_Data below:_

┏━━

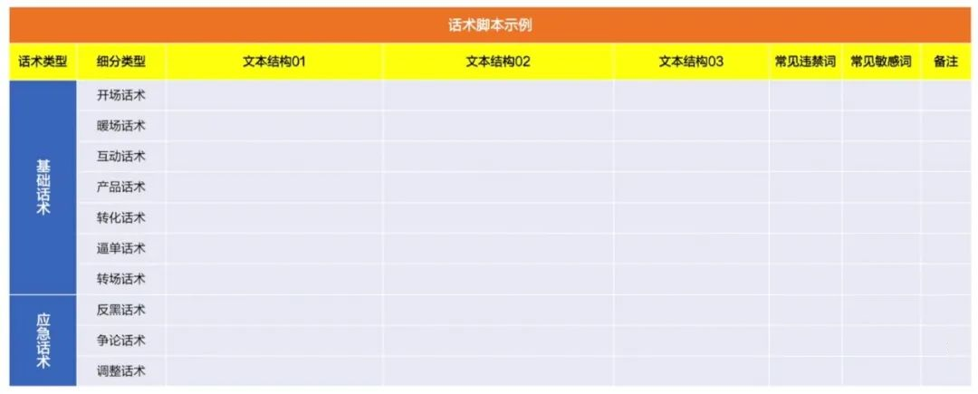 话术脚本分为基础话术和应急话术。基础话术包括:开场话术、暖场话术、互动话术、产品话术、转化话术、逼单话术和转场话术。应急话术包括:反黑话术、争论话术和调整话术。
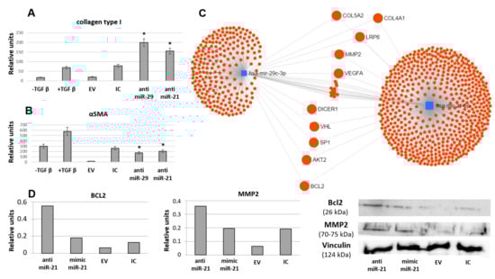 Inhibition of selected microRNAs (miR-21 and miR-29c) by antagomiRs attenuates EV-mediated MSC ability to prevent TGFbeta-induced differentiation of fibroblasts into myofibroblasts evaluated by collagen type I production (A) and aSMA expression (B), Western blotting (n = 3). EV: MSC-EV without transfection, IC: MSC-EV transfected by inhibitory control oligos (control for anti-miRs). anti-miR-21: MSC-EV transfected by anti-miR-21, anti-miR-29: MSC-EV transfected by anti-miR-29 * p < 0.05 (compared to control groups). (C) Common targets of miR-21 and miR-29c predicted using MirNet service. (D) Impact of miR-21 transferred by MSC-EV into the regulation of selected pro-fibrotic targets in fibroblasts evaluated by Western blotting (n = 1).
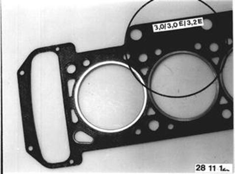 Vehicles after change point in 1982 REPLACING CYLINDER HEAD GASKET Remove cylinder head 11 12 100. Clean sealing surfaces on cylinder head and crankcase with a sealant remover** and hard wood scraper. Check levelness with a standard steel ruler, grinding cylinder head sealing surfaces if necessary - see 11 12 719. Installation: Only unse original cylinder head gaskets, of which opening for coolant match preciseley. Stamped Identification:

┗━━

_Task goal:_ Without the pictures, write out the listing exactly as it appears above.

_Output for this task:_
 话术脚本分为基础话术和应急话术。基础话术包括:开场话术、暖场话术、互动话术、产品话术、转化话术、逼单话术和转场话术。应急话术包括:反黑话术、争论话术和调整话术。
 Inhibition of selected microRNAs (miR-21 and miR-29c) by antagomiRs attenuates EV-mediated MSC ability to prevent TGFbeta-induced differentiation of fibroblasts into myofibroblasts evaluated by collagen type I production (A) and aSMA expression (B), Western blotting (n = 3). EV: MSC-EV without transfection, IC: MSC-EV transfected by inhibitory control oligos (control for anti-miRs). anti-miR-21: MSC-EV transfected by anti-miR-21, anti-miR-29: MSC-EV transfected by anti-miR-29 * p < 0.05 (compared to control groups). (C) Common targets of miR-21 and miR-29c predicted using MirNet service. (D) Impact of miR-21 transferred by MSC-EV into the regulation of selected pro-fibrotic targets in fibroblasts evaluated by Western blotting (n = 1).
 Vehicles after change point in 1982 REPLACING CYLINDER HEAD GASKET Remove cylinder head 11 12 100. Clean sealing surfaces on cylinder head and crankcase with a sealant remover** and hard wood scraper. Check levelness with a standard steel ruler, grinding cylinder head sealing surfaces if necessary - see 11 12 719. Installation: Only unse original cylinder head gaskets, of which opening for coolant match preciseley. Stamped Identification:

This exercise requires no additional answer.